Хоган пожал плечами.
— Испанцы говорят, что у французов на южном берегу целый полк кавалерии, усиленный артиллерией, они с самой весны охотятся за партизанами. Уэлсли думает, что противник попытается воспрепятствовать нам.
— Я все равно не понимаю, мы-то зачем?
— Возможно, вы мне и не нужны. — Хоган улыбнулся. — Но на ближайший месяц не намечено никаких военных действий; французы сначала позволят нам углубиться на территорию Испании и только потом пойдут в наступление, в Вальделаказа может возникнуть заваруха. Я хочу иметь рядом кого-нибудь, кому мог бы доверять. Вы нужны мне... ну, на всякий случай.
Шарп улыбнулся. Хорошенькое дело — нянчиться с полковником ополчения, который возомнил себя всезнающим!
— Для вас, сэр, с удовольствием. Хоган улыбнулся ему в ответ.
— Кто знает? В жизни всякое бывает. Тем более что она поедет с нами.

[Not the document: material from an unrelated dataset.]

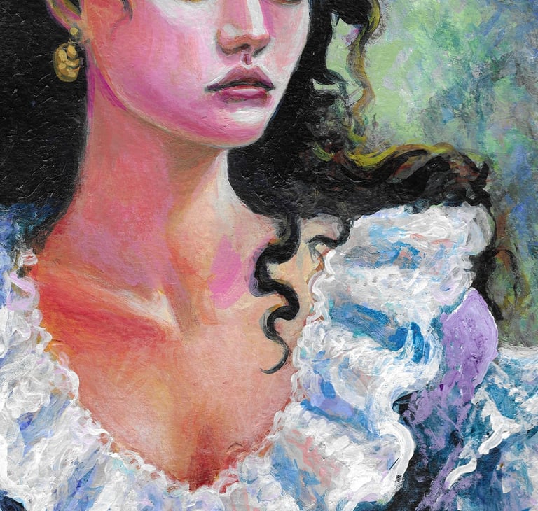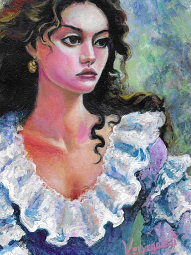 "Serenidad Andaluza" celebra la calma y la riqueza de las tradiciones de Andalucía. En el corazón de la obra, una joven en traje típico irradia elegancia y dignidad. Cada detalle, desde el bordado del corpiño hasta las flores en su cabello, rinde tributo a la artesanía y la cultura de la región. Con pinceladas sueltas y colores luminosos, este cuadro captura un instante atemporal, donde la tradición y la introspección se fusionan en una conexión inolvidable.
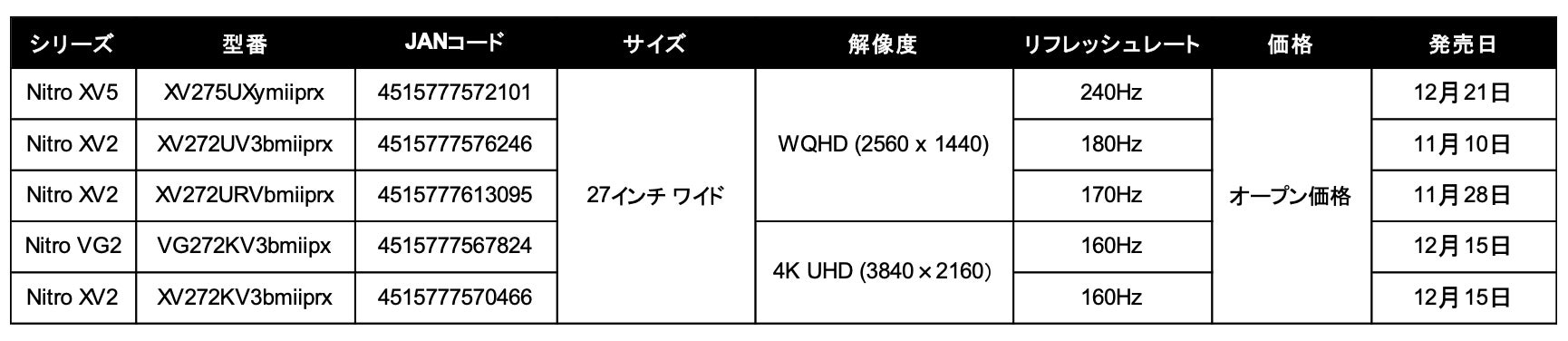 日本エイサー株式会社は、ゲーミングモニター市場向けに新製品を発売します。

Шарп проследил за взглядом Хогана и увидел, что девушка, одетая во все черное, помахала рукой какому-то офицеру из Южного Эссекского. Как показалось Шарпу, блондину в безупречной форме, на коне, который, вероятно, стоил больше, чем чин самого всадника. Девушка подстегнула свою лошадь, слуга на муле последовал за ней; они присоединились к батальону, шагавшему по дороге, ведущей в Каштелу-Бранку. Площадь снова опустела, пыль оседала в лучах палящего солнца, а Шарп откинулся на спинку своего стула и расхохотался.
— Что тут смешного? — спросил Хоган. Шарп указал рукой, в которой держал кружку
с бренди, на потрепанный мундир и рваные брюки Харпера.
— Боюсь, сэру Генри не очень понравятся его новые союзники.
Лицо сержанта по-прежнему оставалось мрачным.
— Господи, спаси Ирландию.
— Аминь. — Хоган поднял свою кружку.